Além da pena de prisão, o acusado foi condenado a pagar uma indenização mínima de R$ 20 mil a título de danos morais para cada uma das vítimas, conforme pleiteado pelo Ministério Público. A prisão preventiva foi mantida pela Justiça, considerando a comprovação dos crimes, o risco à ordem pública e a possibilidade de reincidência e gravidade dos fatos.

Danos psicológicos

Conforme o promotor de Justiça, José Alexandre Teixeira de Barros, o agressor manteve esses atos de violência sexual em segredo, ameaçando a filha para que ela não contasse a ninguém. Anos depois, sob o efeito de álcool, ele revelou à esposa o que fazia com a adolescente desde que ela era criança, o que desencadeou a denúncia.

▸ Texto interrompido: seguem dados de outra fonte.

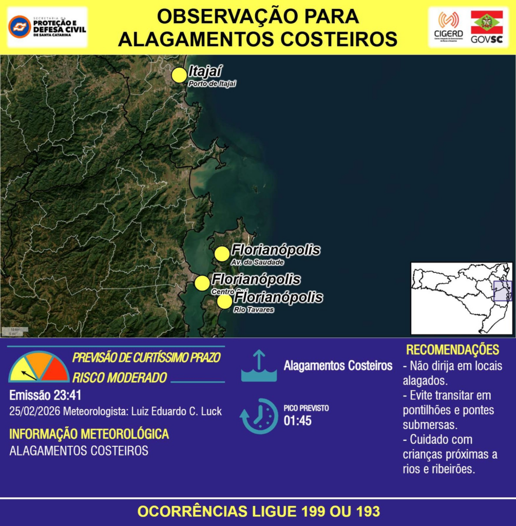 OBSERVAÇÃO – 25/02 23:41 – ALAGAMENTOS COSTEIROS nas próximas horas devido à maré alta para os municípios de Florianópolis e Itajaí. Pico previsto às 01:45 h. Ocorrências ligue 199 ou 193.
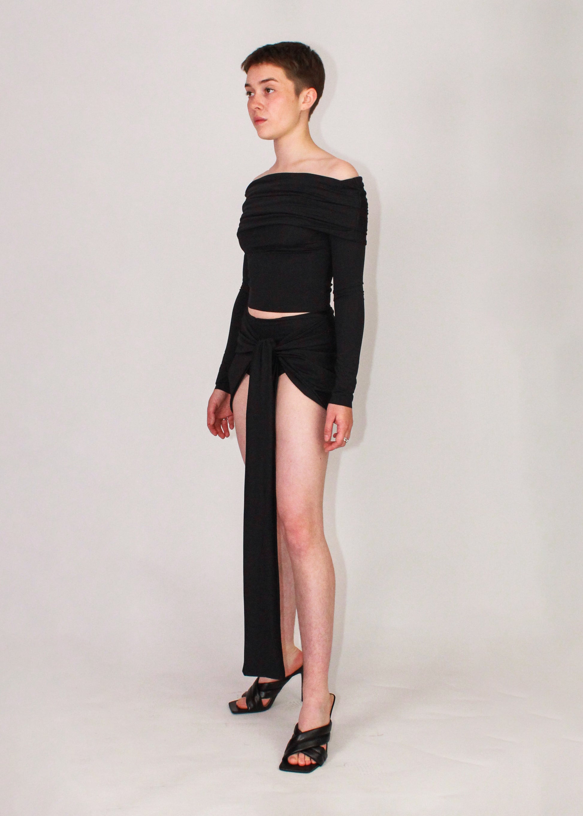 The Nightbloom Wrap Skirt Shorts fuse fluid draping with confident practicality. Featuring a built-in short for ease and comfort, this piece wraps around the waist into a striking skirt silhouette with an asymmetric long tie detail. Crafted in our signature stretchy soft Econyl fabric, it creates movement and drama while maintaining a secure fit for dancing through the night.
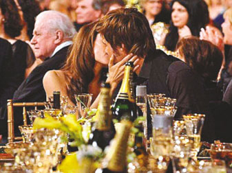2008年1月28日,洛杉磯,第14屆美國演員工會獎27日在洛杉磯舉行。一襲抹胸禮服的安吉麗娜·朱莉與布拉德·皮特大秀恩愛,幸福擁吻。
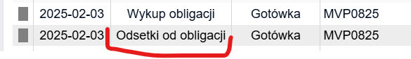 Zakup obligacji wprowadziłem ręcznie. System automatycznie wprowadził transakcję wykupu obligacji w sierpniu 2025. Ręcznie zmodyfikowałem datę na 03.02.2025. Ale system dodał "dodatkowe" odsetki za okres 02-08.2025 które już nie zostały wypłacone.
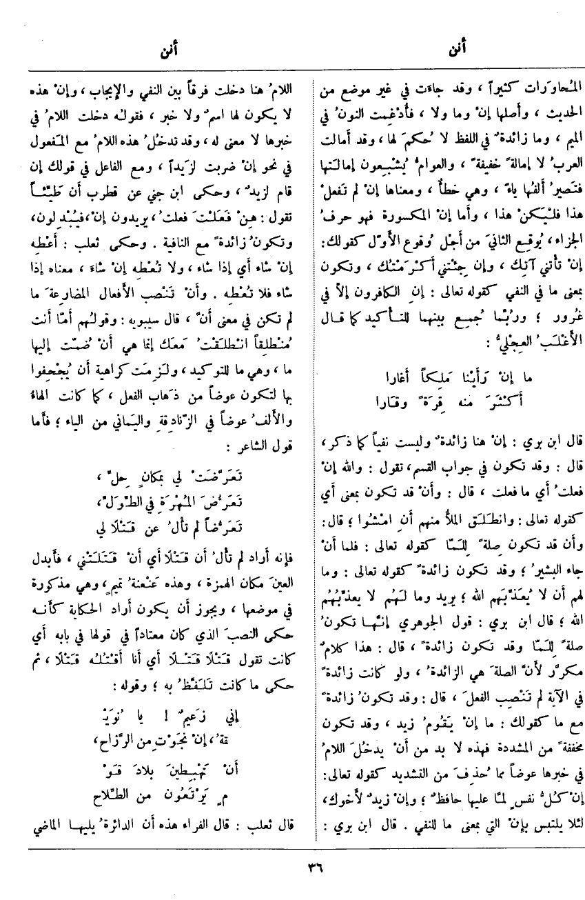 ؛ وإنْ زيدٌ لأَخوك، لِئَلَّا يَلْتَبِسَ بإنْ الَّتِي بِمَعْنَى مَا لِلنَّفْيِ. قَالَ ابْنُ بَرِّيٍّ: اللامُ هُنَا دَخَلَتْ فَرْقًا بَيْنَ النَّفْيِ والإِيجاب، وإنْ هَذِهِ لَا يَكُونُ لَهَا اسمٌ وَلَا خَبَرٌ، فقولُه دَخَلَتِ اللامُ فِي خَبَرِهَا لَا مَعْنَى لَهُ، وَقَدْ تدخُلُ هَذِهِ اللامُ مَعَ المَفعول فِي نَحْوِ إنْ ضَرَبْتُ لزَيداً، وَمَعَ الْفَاعِلِ فِي قَوْلِكَ إِنْ قَامَ لزيدٌ، وَحَكَى ابْنُ جِنِّي عَنْ قُطْرُبٍ أَن طَيِّئاً تَقُولُ: هِنْ فَعَلْتَ فعلتُ، يُرِيدُونَ إنْ، فيُبْدِلون، وَتَكُونُ زَائِدَةً مَعَ النَّافِيَةِ. وَحَكَى ثَعْلَبٌ: أَعْطِه إنْ شَاءَ أَي إِذَا شَاءَ، وَلَا تُعْطِه إنْ شاءَ، مَعْنَاهُ إِذَا شَاءَ فَلَا تُعْطِه. وأَنْ تَنْصب الأَفعال المضارِعة مَا لَمْ تَكُنْ فِي مَعْنَى أَنَّ، قَالَ سِيبَوَيْهِ: وقولُهم أَمَّا أَنت مُنْطلِقاً انْطلقْتُ مَعَك إِنَّمَا هِيَ أَنْ ضُمّت إِلَيْهَا مَا، وَهِيَ مَا لِلتَّوْكِيدِ، ولَزِمَت كَرَاهِيَةَ أَن يُجْحِفوا بِهَا لِتَكُونَ عِوَضًا مِنْ ذَهاب الْفِعْلِ، كَمَا كَانَتِ الهاءُ والأَلفُ عِوَضًا فِي الزّنادقةِ واليَماني مِنَ الْيَاءِ؛ فأَما قَوْلُ الشَّاعِرِ:
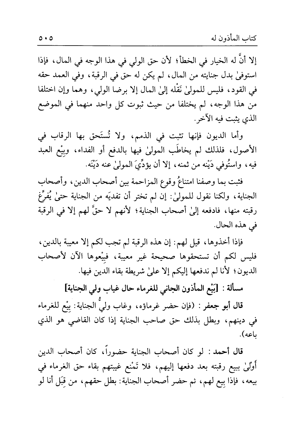 قال أحمد: لو كان أصحاب الجناية حضورا، كان أصحاب الدين أولى ببيع رقبته بعد دفعها إليهم، فلا تمنع غيبتهم بقاء حق الغرماء في بيعه، فإذا بيع لهم، ثم حضر أصحاب الجناية: بطل حقهم، من قبل أنا لو
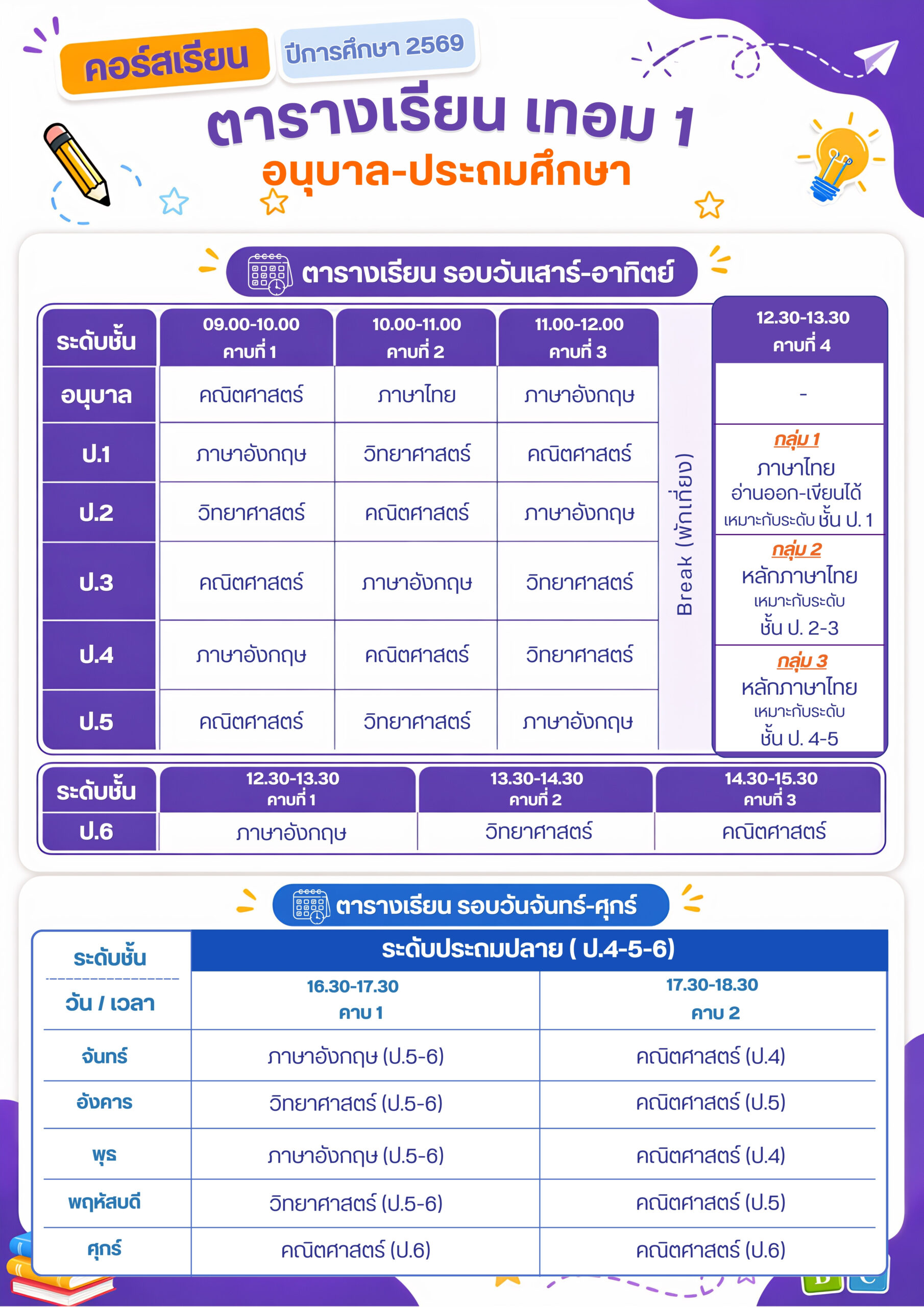 (เปิดรับสมัคร) คอร์สเทอม 1 รุ่นที่ 1 ระดับอนุบาล ป.1-2-3-4-5-6 @โรงเรียนสุรพจน์วิทยา 2 ปีการศึกษา 2569
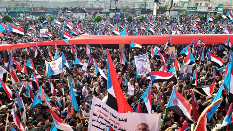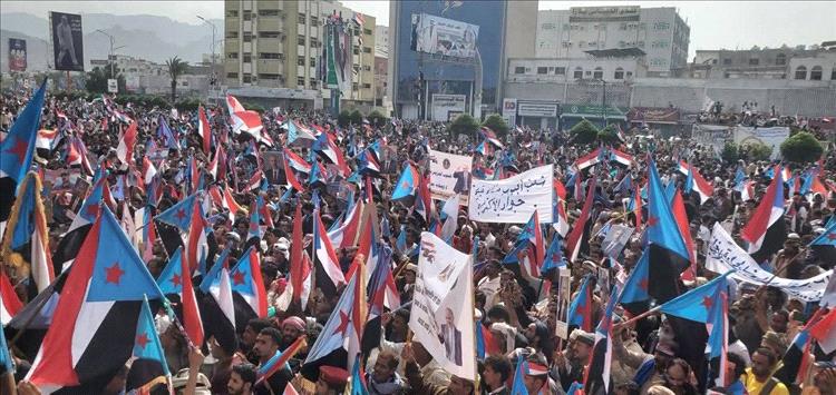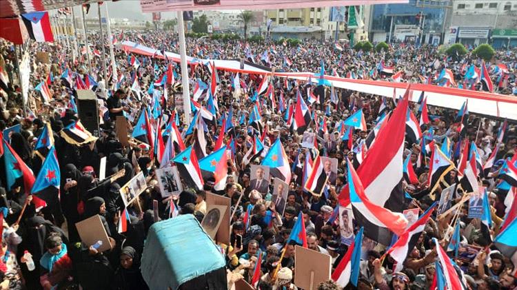 وتظهر الصور حشود المتظاهرين في ساحة العروض بالعاصمة عدن.
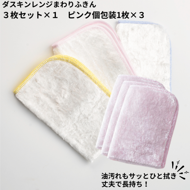 ■ダスキン レンジまわりふきん ホワイト3枚入り & ピンク 3枚 個包装 セット
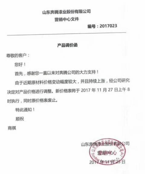 雖然原材料企業(yè)一輪又一輪的漲價,但是下游的涂料企業(yè)卻難有作為。涂料企業(yè)不光漲價難,還有大量的涂料企業(yè)依然在進行惡性競爭,因此涂料企業(yè)紛紛致電涂料采購網(wǎng),希望通過平臺呼吁一下行業(yè)的其他企業(yè),減少同業(yè)惡性競爭,建立行業(yè)的自律性,由于受到原材料漲價和人工成本增加的影響,已經(jīng)造成涂料企業(yè)出現(xiàn)行業(yè)性大面積虧損情況,企業(yè)紛紛呼吁大家理性對待市場,適當(dāng)做一些價格調(diào)整。下圖為部分涂料企業(yè)發(fā)布的漲價信息:
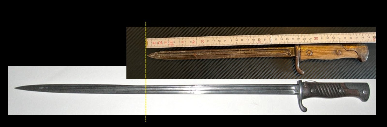 Panowie, poszukałem i podpytałem. To chyba faktycznie Seitengewehr tylko jakiś mocno przerobiony przez co ciężko ustalić konkretny model. Znalazłem podobne moim zdaniem bagnet paradny, jedynie  producent jest inny Eickhorn - ma to jakieś wielkie znaczenie? Może najlepiej udać się do muzeum albo
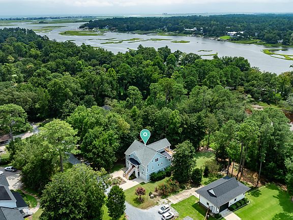 The picturesque views from the back deck include sightings of egrets, herons, and various other coastal birds and wildlife. The backyard overlooks a marsh pond connected to Pages Creek, where up to 30 egrets can be seen feeding at times.
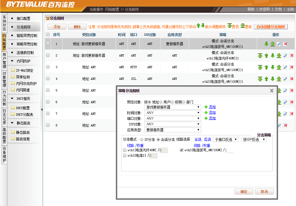 4、[网络配置]→[分流规则],添加“分流规则”,“受控对象-地址”选择“游戏更新服务器”,“应用对象”选择“更新服务器”,“时间对象、端口对象、ISP对象”均为“ANY”,勾选指定要走的外网线路,使用会话分流,将该规则置顶。
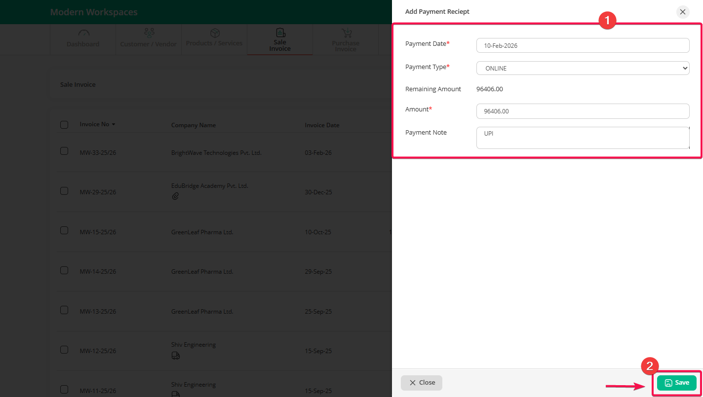 Step 3.6: Click on the “Save” button to complete the payment receipt entry.
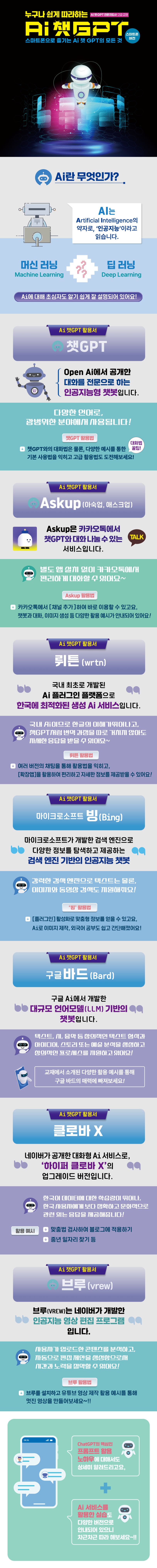 1강AI란무엇인가?Ai의기본개념Ai의주요요소(머신러닝과딥러닝)Ai의역사와발전과정Ai의윤리적문제Ai역기능예방서비스Ai윤리인식제고Ai윤리체험콘텐츠기획챗GPT챗GPT란?챗GPT의기능챗GPT의역사챗GPT모델의원리GPT3.5와GPT4.0의차이대화형Ai서비스생성형Ai서비스2강스마트폰에서하는AI챗GPT서비스★Askup(아숙업)개요및특징장점및단점아숙업친구등록하기아숙업-활용사례아숙업-활용팁3강★OpenAI챗GPT개요및특징장점및단점설치및실행실제사용사례-AI챗GPT는심리상담가-AI챗GPT는건강주치의4강★ChatGPT와의대화시작하기챗GPT가입방법기본적인질문과대답다양한활용예시대화를이어가는꿀팁/구체적으로말하라꼬리를물어라/방을나눠라고급활용법복잡한정보검색노하우언어학습,레시피추천등5강★뤼튼(wrtn)개요및특징장점및단점뤼튼앱설치방법여러버전의채팅AI캐릭터AI앱/추천뉴스부가기능6강★마이크로소프트빙(Bing)개요및특징장점및단점마이크로소프트빙(bing)시작하기음성모드사용하기이미지검색을위한카메라활용하기DELL-E3를활용한이미지제작하기pdf파일자료찾고저장하기원어민과대화하듯회화공부하기7강★구글바드(GoogleBard)개요및특징/장점및단점실제사용사례-기상청에날씨물어보기-이미지로물어보기-이외다양한사례(시니어작가협회)8강★네이버클로바X개요및특징장점및단점실제사용사례-맞춤법검사기능으로블로그에활용하기-중장년일자리찾기(자기소개서작성)-중장년일자리찾기(면접연습하기)9강ChatGPT의핵심인프롬프트활용노하우프롬프트(Prompt)란?프롬프트명령어를작성할때유용한팁(Tip)업종별분야별프롬프트활용노하우실전무료프롬프트치트시트10강AI서비스를활용한실습1아숙업에서자녀및지인한테편지쓰고슬라이드메시지에서영상편지만들기11강AI서비스를활용한실습2챗GPT뤼튼(wrtn)으로시작성하기시영상만들기슬라이드메시지앱으로시영상만들기픽사베이(pixabay)에서무료동영상다운로더하기캡컷(CapCut)에서시가올라가는영상콘텐츠만들기이미지다운받고멋진카드만들어공유하기(Askup)카드만들어공유하기(글그램)12강브루(VREW)개요및특징장점및단점브루(VREW)설치실제사용사례-AI서비스를활용하여브루로유튜브영상만들기13강Ai추천사이트스마트폰에서활용할수있는Ai앱PC에서활용하는AI이미지생성사
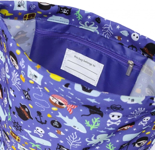 Leichter Kinderbeutel mit Piratenmotiv von A Little Lovely Company. Ziehkordel, innere Reißverschlusstasche. Ideal für Schule, Sport und Schwimmen.
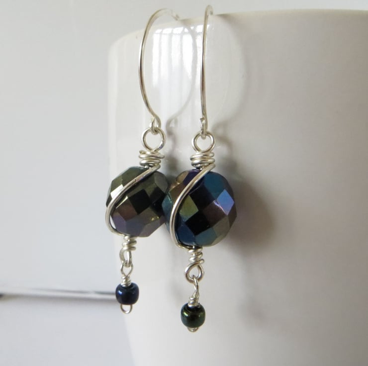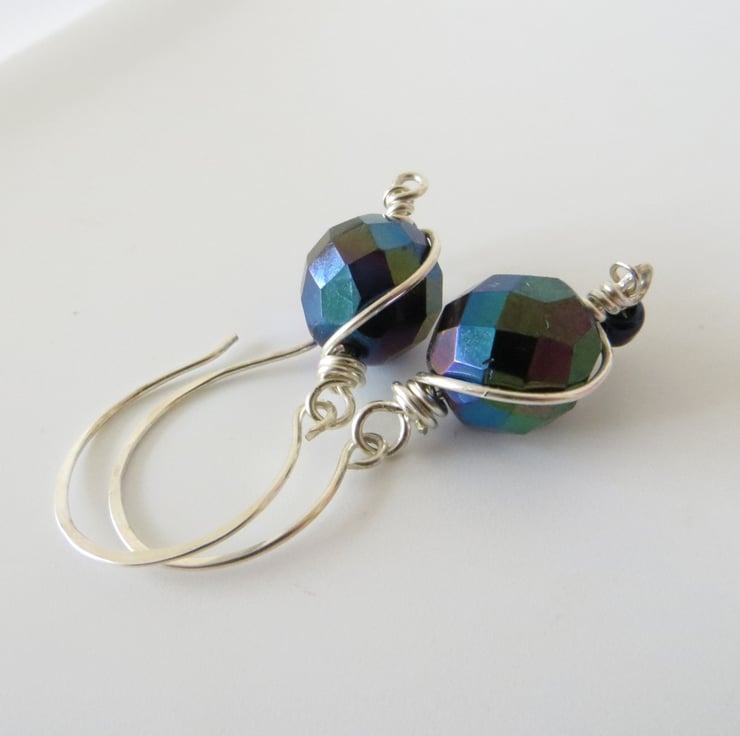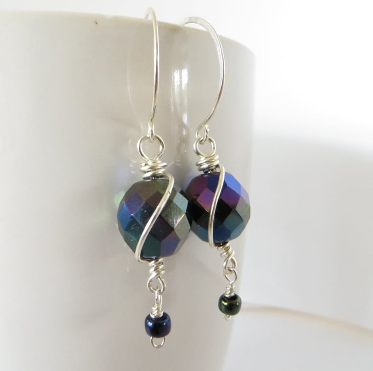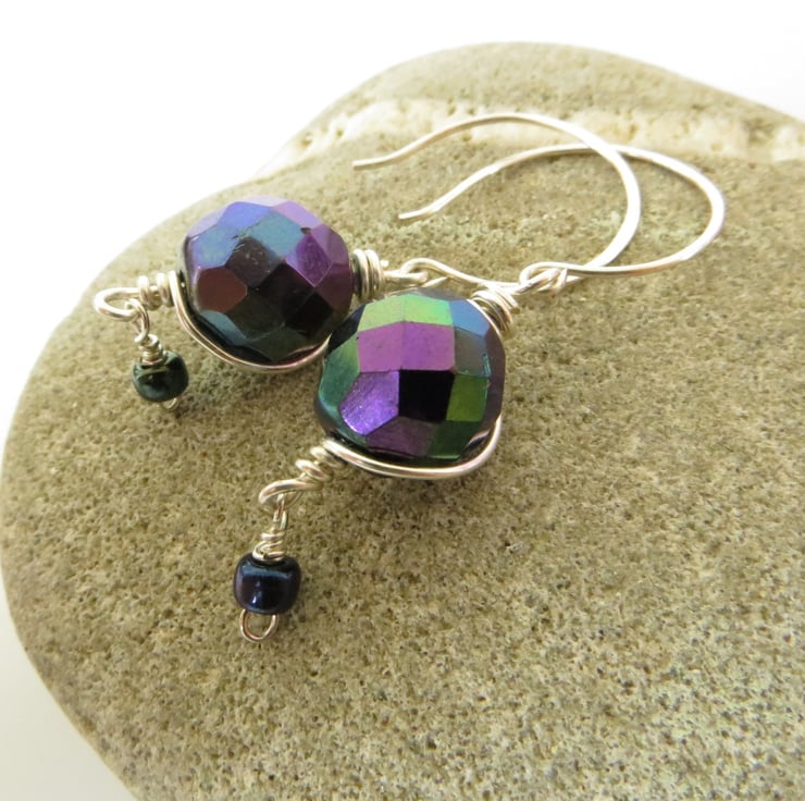 These elegant earrings feature large black faceted beads with an iridescent oil slick coating - they shimmer and shine purple, pink, green and blue depending on how the light catches them, almost like beetle wings! They have been wrapped around with silver plated wire and a teeny little matching bead dangles from the end giving a lovely bit of movement. They are hung from hand crafted silver plated earwires which have been hammered for durability.

A adolescente, ouvida pelo serviço de psicologia do Tribunal de Justiça de Goiás, revelou que a situação a fez se sentir um peso para a família, fato corroborado por uma amiga dela, a quem confidenciou os abusos. O Conselho Tutelar de Itapaci foi informado dos fatos a partir dessa confissão. O irmão da vítima também relatou ter presenciado a mãe sendo agredida pelo pai quando este estava alcoolizado e disse ainda que não entendia o motivo dos constantes choros da irmã.